Dressing the hair. The women wore their hair short; the men kept their's long. After cutting, the women kept their hair short by singeing the ends with lighted bark. Besides using the pomades described and lime, women also stiffened their hair with breadfruit gum (pulu). After the use of pomades and lime, washing with limes helped to change the hair color to a brown which was greatly desired. Turner (41, p. 122) says the women wore a small twisted lock in a curl with the end lying on the left temple. Stair (33, p. 121), says there were seven different styles of dressing women's hair, denoted by the frontlets and the preparations used. These include the use of breadfruit gum and the clay pomade. The tutangi ta method, restricted to virgins, consisted of shaving the middle of the head from the front backwards and allowing the hair on the sides to grow long and hang loosely over the shoulders.

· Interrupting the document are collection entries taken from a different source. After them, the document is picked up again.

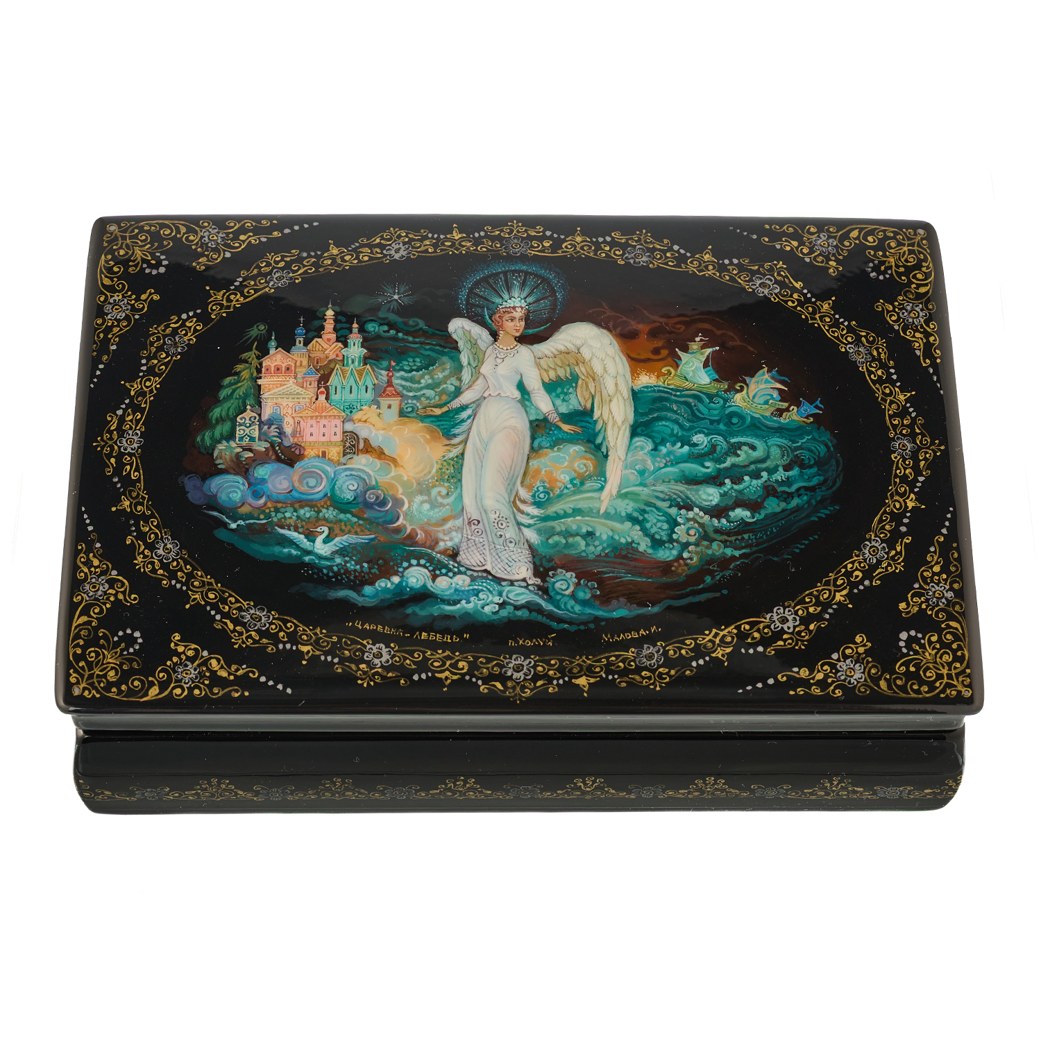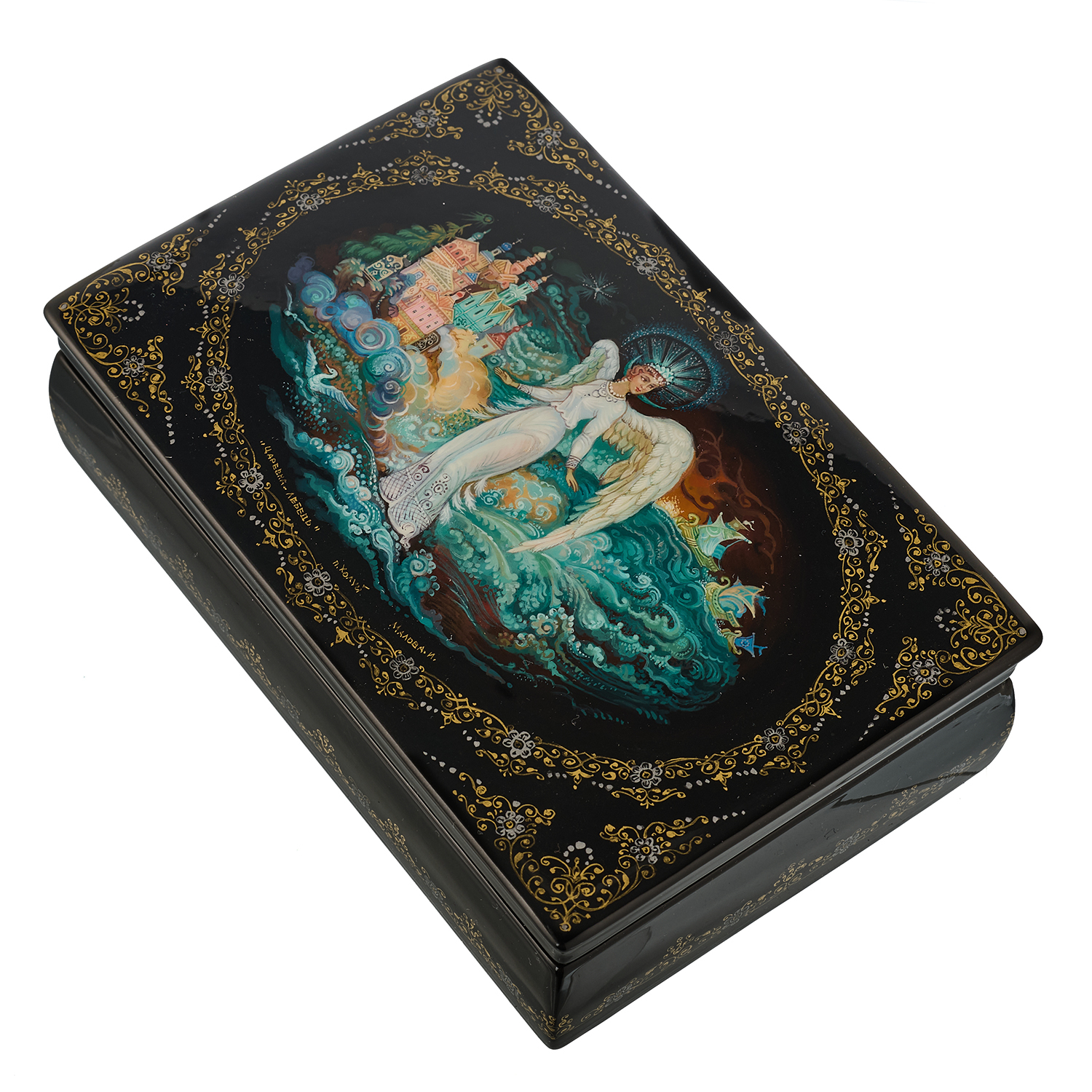 Русские подарки и сувениры → Шкатулки → Лаковая миниатюра → Шкатулка с художественной росписью "Царевна Лебедь"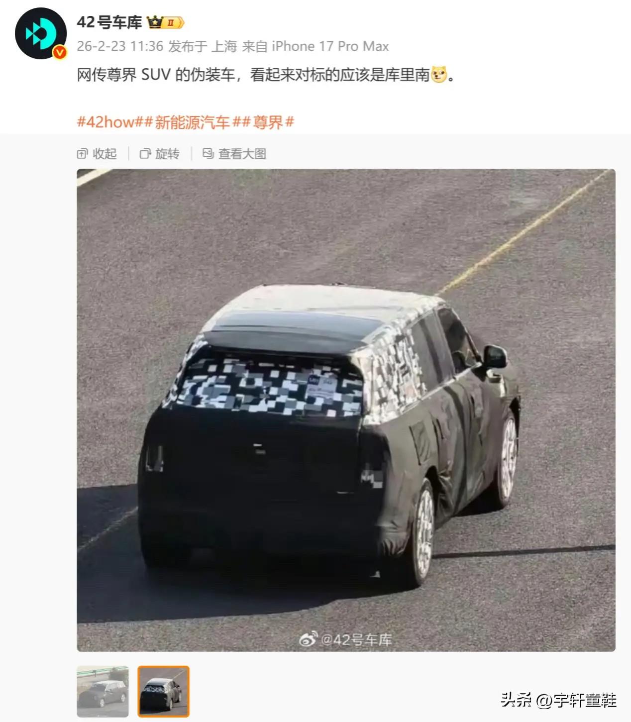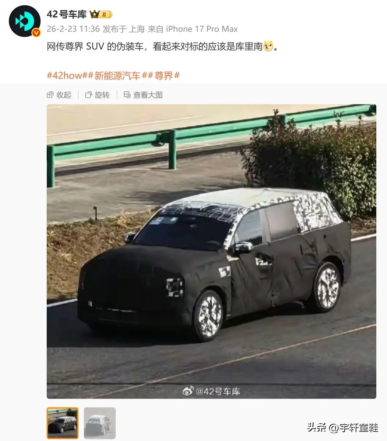 仰望U8瑟瑟发抖! 尊界首款SUV伪装车曝光! 比亚迪再不努力跟营销,等尊界SUV出来,仰望估计也难了! 不管尊界SUV是不是对标库里南,上市后直接竞争的肯定是仰望U8系列! 并不是仰望技术不行,也不是鸿蒙智行技术太好,而是鸿蒙智行营销做得太好,跟比亚迪系的营销不是一个档次,所以就影响力这块,强的不是一点点!大家觉得呢?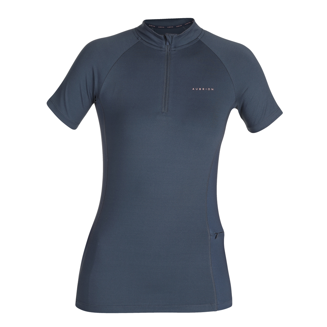 Le Shires Aubrion dames revivre la couche de base à manches courtes Offre des performances et du support au cavalier actif. Écrémage corporel pour une deuxième sensation de peau, une technologie de gestion de l'humidité légère et des panneaux latéraux ventilés mettent le corps à l'aise. UPF 50+ protège la peau des rayons nocifs du soleil. Construction de la manche Raglan pour une amplitude de mouvement accrue, 1/4 de cou zip pour plus ou moins de ventilation, poche zip latérale pour la garde des éléments essentiels en toute sécurité.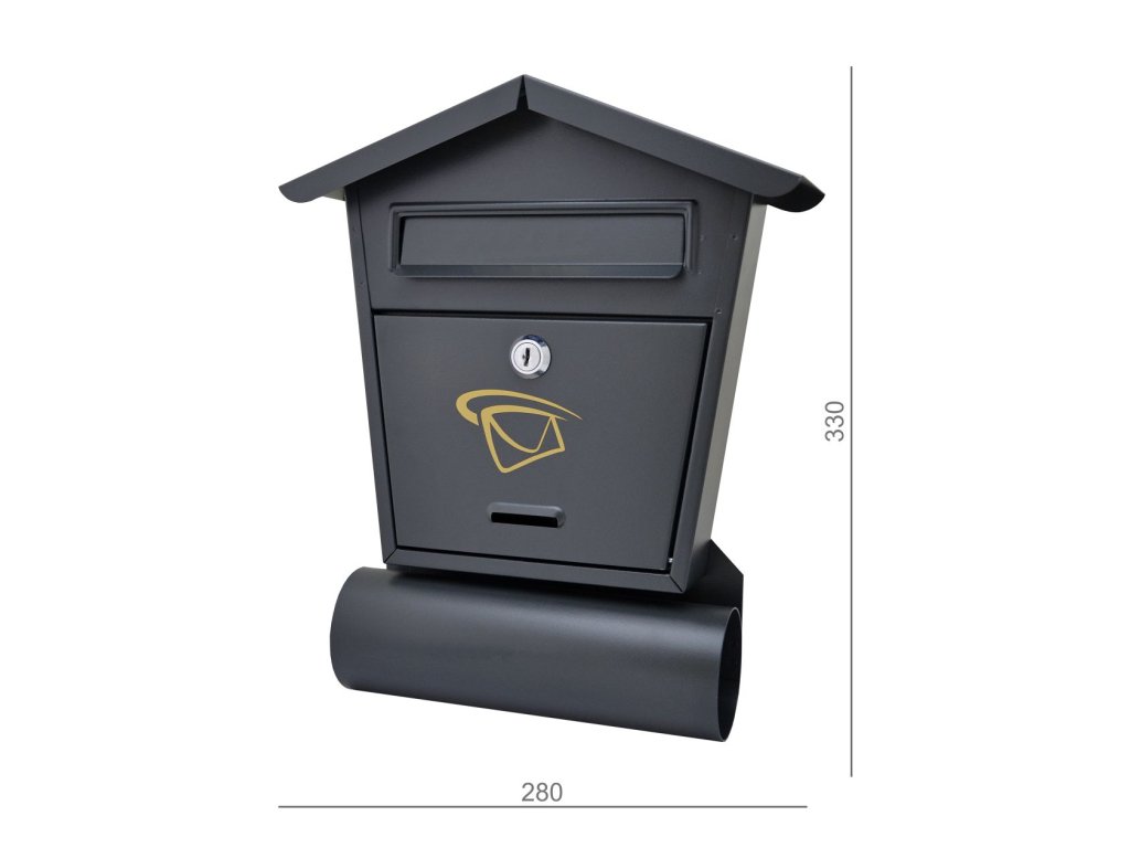 Poštovní schránka 280x330x50mm, grafitová, max. formát listu: B6, tunel na noviny ø70 mm Jak si namontujete poštovní schránku? Do zateplené fasády Použijte spirálové hmoždinky WKDS Hmoždinka se jednoduše zašroubuje do izolace, šroub použijeme s průměrem 4,5 mm. Pro tloušťku izolace 60 mm a více použijte WK-DS050. WK-DS085 lze použít pro tloušťku izolace 90 mm a více. Nosnost jedné takové hmoždinky je až 5 kg, takže pro poštovní schránku je to zcela dostačující. Další možností je provrtat izolaci až do zdiva, ale v tomto případě je důležité zvolit dostatečně dlouhou hmoždinku. Máme na výběr se šroubem nebo bez něj. Do dřeva Použijeme samořezný šroub do dřeva, kterých je na výběr spousta. Pokud nechceme použít samořezné šrouby a máme-li přístup z druhé strany dřeva, můžeme použít klasické metrické šrouby s podložkou a maticí. Máme na výběr potřebné délky. Do kovu / o kov Pokud to situace dovolí, můžeme k upevnění použít samovrtné šrouby TEX, k dispozici je máme také se zápustnou hlavou nebo s půlkulatou hlavou - jejich výhodou je, že je můžeme použít bez předvrtání. Další možností je upevnění pomocí šroubu a nýtovací matice - tím se vytvoří potřebný závit i v tenkém profilu a schránka se snadno přišroubuje.Doplňkové parametry

For men, the hair was cut or trimmed by regular attendants (songa) who acted as chiefs' valet and barber, besides cup bearer, trumpeter, and messenger. The songa used hinged cockle shells as forceps for pulling out the hairs of the beard. The thick fibres of coconut husk are also used by making an open overhand knot and closing it over a single hair by pulling the ends. The hair is then jerked out. Both processes were slow and painful. The beard was also shaved off with sharks' teeth. The hairs growing from the inside of the nostrils were also plucked. The long hair was tied in a knot called fonga and worn usually a little to the right side of the crown. It could, however, be worn to the front, back, or sides, as fashion directed. Stair (33, p. 120) states that there were 12 different combinations each distinguished by a name denoting the position of the fonga. Young men occasionally cut their hair page 622short with a small twisted lock hanging down onto the breast from either temple.

The body, besides being rubbed with coconut oil was, on occasions, rubbed with turmeric. In death ceremonials, when the turmeric kept for a father by his children (lenga o le matua) was handed out to the mourners, they proceeded to rub themselves with it.

Flowers worn through the hair or over the ear are termed sei.

Ribands. The white, silky looking material obtained from the outer surface of the young inner leaves of the coconut in long riband-like strips is tied in bunches to a piece of coconut leaflet midrib to form the ornament sei milamila which is stuck in the hair.